# Strong Meteor Shower Expected Tonight



## Ghosty (Jan 17, 2005)

Strong Meteor Shower Expected Tonight

I watched this last year and from my view it was pretty spectacular...

"On the night of August 11 and well into the next day, Earth will make its annual passage through the bulk of the debris shed by a comet known as Swift-Tuttle http://en.wikipedia.org/wiki/109P/Swift-Tuttle. Much of the debris is composed of dust-sized grains, but when these fragments come plunging into our atmosphere they can create a dazzling meteor display. Not only are the meteors fascinating to watch, they also leave short-lived streams of ionized gas in their wake. The Swift-Tuttle meteor showers are known as the Perseids http://science.nasa.gov/headlines/y2009/31...erseids2009.htm because they appear to come from a point in the sky that lies within the constellation Perseus. This year's shower is forecast to be especially active because we're about to pass through a somewhat thicker filament of dust that boiled off Swift-Tuttle in 1862.


----------



## john7349 (Jan 13, 2008)

We are expecting a cloudy evening here in the Portland OR area.


----------



## Collinsfam_WY (Nov 9, 2006)

We have a 30% chance of rain here which means it will be clear as a bell. I will try to get out and see it.

Micah


----------



## JMAC (Jul 31, 2009)

Would love to see it but rain expected here in North Alabama.

I did get a chance to see the ISS flyover a few weeks ago with the Shuttle attached! The kids thought it was "so cool"

For those interested, you can find when the next fly over will be for your location at

http://spaceflight.nasa.gov/realdata/sightings/

Cheers.


----------



## BigBadBrain (Aug 26, 2004)

I never knew how many interesting things could be blocked by weather until I became an amateur astronomer.


----------



## BoaterDan (Jul 1, 2005)

I've seen it before and it is really cool. Plan to be out tonight if it stays mostly clear.

Also got to see a few satellites (or something) a couple weeks ago. First time for that. One was so large maybe it was the station. (All through binoculars, and all just looked like big fast-moving stars.)


----------



## jetjane (Feb 8, 2007)

Thanks for the heads up!







Hopefully, we will be able to see something on our way home tonight.


----------



## BoaterDan (Jul 1, 2005)

We had a car down the street get the wheels stolen off a few months ago, so now everybody leaves lights on. WAAAYYY too much light polution for stargazing. I may try getting up early tomorrow and driving out of town a bit.

How was the show last night?


----------



## JMAC (Jul 31, 2009)

BoaterDan said:


> I've seen it before and it is really cool.
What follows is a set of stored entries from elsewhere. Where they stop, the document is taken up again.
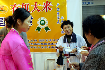 在延边高丽有机大米展区,参展商用《大长今》的主题曲和香喷喷的米饭吸引参观者。参展商向记者介绍,他们的“凉水”牌大米富含营养,产地位于长白山脚下,纯天然,无污染,是真正的健康食品。很多参观者品尝后都赞不绝口。
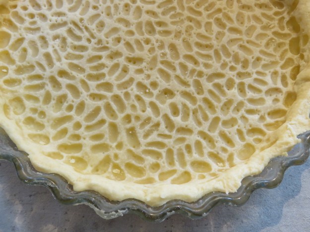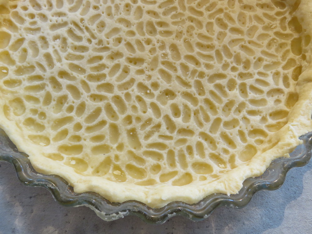 Mit einer Gabel mehrfach den Teig einstechen, mit Backgewichten, Hülsenfrüchten, V2A-Muttern oder sonstwas beschweren und mit Augenmaß für etwa 15 Minuten bei 180°C backen bis der Teig etwas bräunlich wird. Abkühlen lassen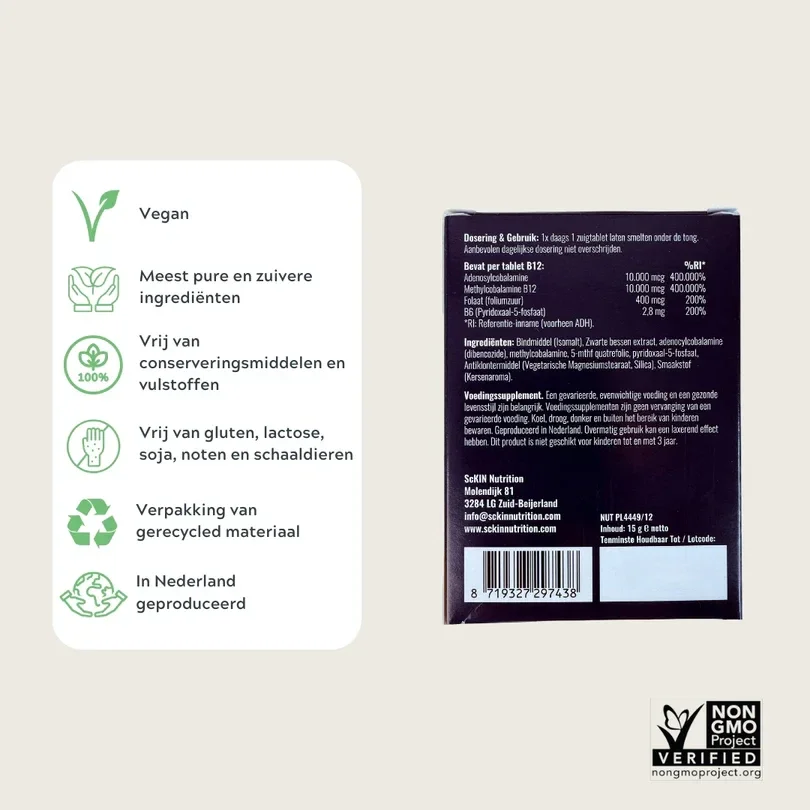 Hoge biologische beschikbaarheid en een sneller effect dankzij actieve vorm van B12 methylcobalamine en adenosylcobalamine. Welkom alternatief voor injecties.

Plan to be out tonight if it stays mostly clear.
> 
> Also got to see a few satellites (or something) a couple weeks ago. First time for that. One was so large maybe it was the station. (All through binoculars, and all just looked like big fast-moving stars.)


Dan,

ISS is so bright, it is very easy to see in the city. It is the brightest opject (excluding the moon) in the night sky.

Cheers.


----------



## jetjane (Feb 8, 2007)

No luck at my house. It was cloudy with thundershowers.


----------



## rialynn79 (Jul 28, 2009)

I got a few neat pictures last night. If I could figure out how to post pictures, I would show ya. I'll try again tonight if the clouds clear out of here. It was amazing last night. Should still be able to see it tonight too.


----------



## BoaterDan (Jul 1, 2005)

JMAC said:


> Dan,
> 
> ISS is so bright, it is very easy to see in the city. It is the brightest opject (excluding the moon) in the night sky.
> 
> Cheers.


Oh I didn't know that. I thought it was similar to a satellite. Does it move at a satellite's pace across the sky?


----------



## JMAC (Jul 31, 2009)

BoaterDan said:


> Oh I didn't know that. I thought it was similar to a satellite. Does it move at a satellite's pace across the sky?
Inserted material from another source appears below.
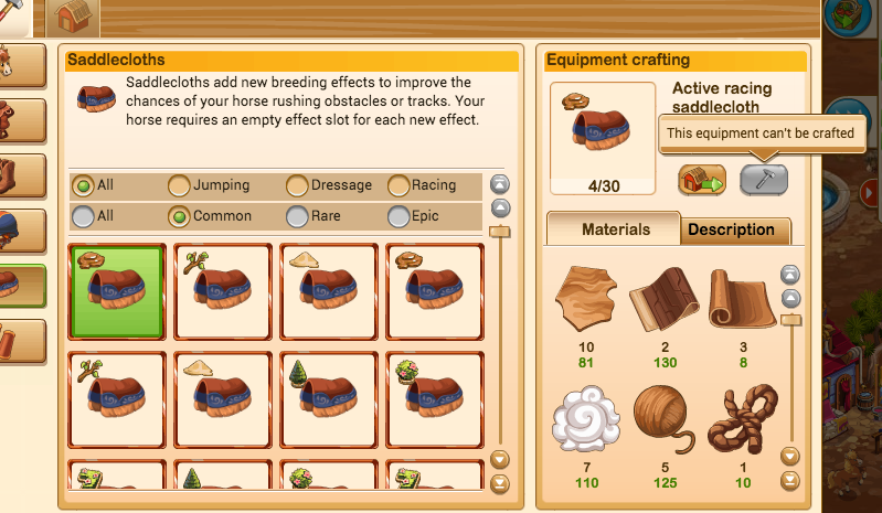 Trying to make saddlecloths.  "Equipment can't be crafted."  Of course doesn't say WHY.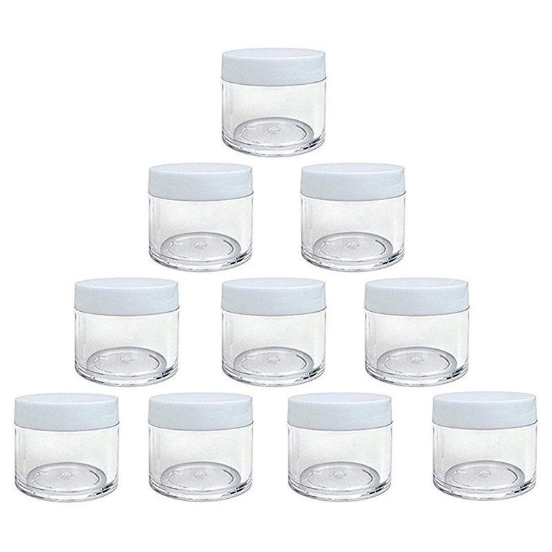 10 Pcs 30ml 1oz Plastic Cosmetic Jars Empty Refillable Clear Round Pot Jars with White Lid Makeup Sample Storage Containers for Eye Shadow Lotion Cream Jewelry Craft

In most cases, much faster since its at a much lower orbit. It travels at about 17,240 miles per hour. I have seen ISS several times and ISS with Shuttle docked only twice. It is fun to search and watch for it. The kids love it and of course brings on a slew of science questions.

Cheers.


----------



## BoaterDan (Jul 1, 2005)

Looked around on the internet. Looks like here it typically is visible 2-3 minutes and only gets to max of about 20 degrees, so city issues probably prohibit good viewing most passes.
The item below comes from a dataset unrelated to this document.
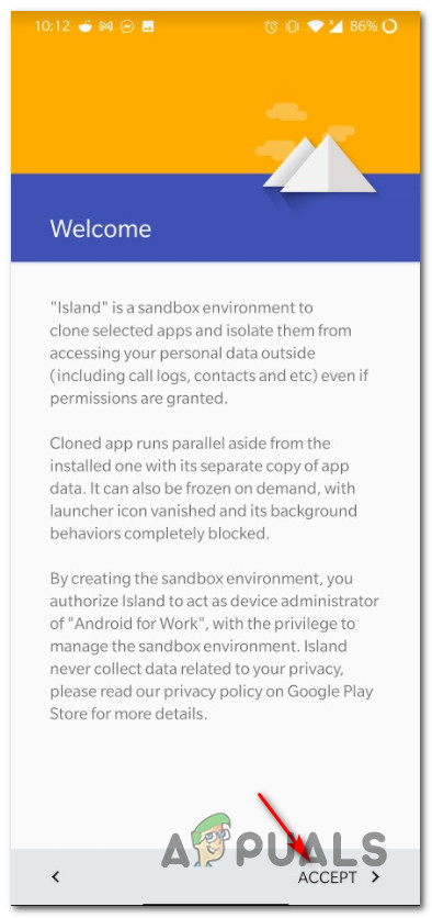 - After the download is complete, open the Island app and start out by accepting the Terms of Licensing.

I'll look one of the better viewing nights and see if I can spot it.


----------



## BigBadBrain (Aug 26, 2004)

Dan,
It varies what the angle of the pass will be. Because the orbit relative to the ground changes every night, the time of the pass (if it is visible at all) and the angle of the pass will change quite a bit. NASA has a service that will email you t he pass predictions based upon where you live. I used to subscribe but it got kind of annoying after a while so I elected to stop the emails. I'll try and look it up.

EDIT: HERE it is.

BBB


----------



## BoaterDan (Jul 1, 2005)

Yeah, that's where I went. Just have to pick one of the better nights where it gets a little higher in the sky is what I meant. There's a LOT of light pollution on the horizon around here.


----------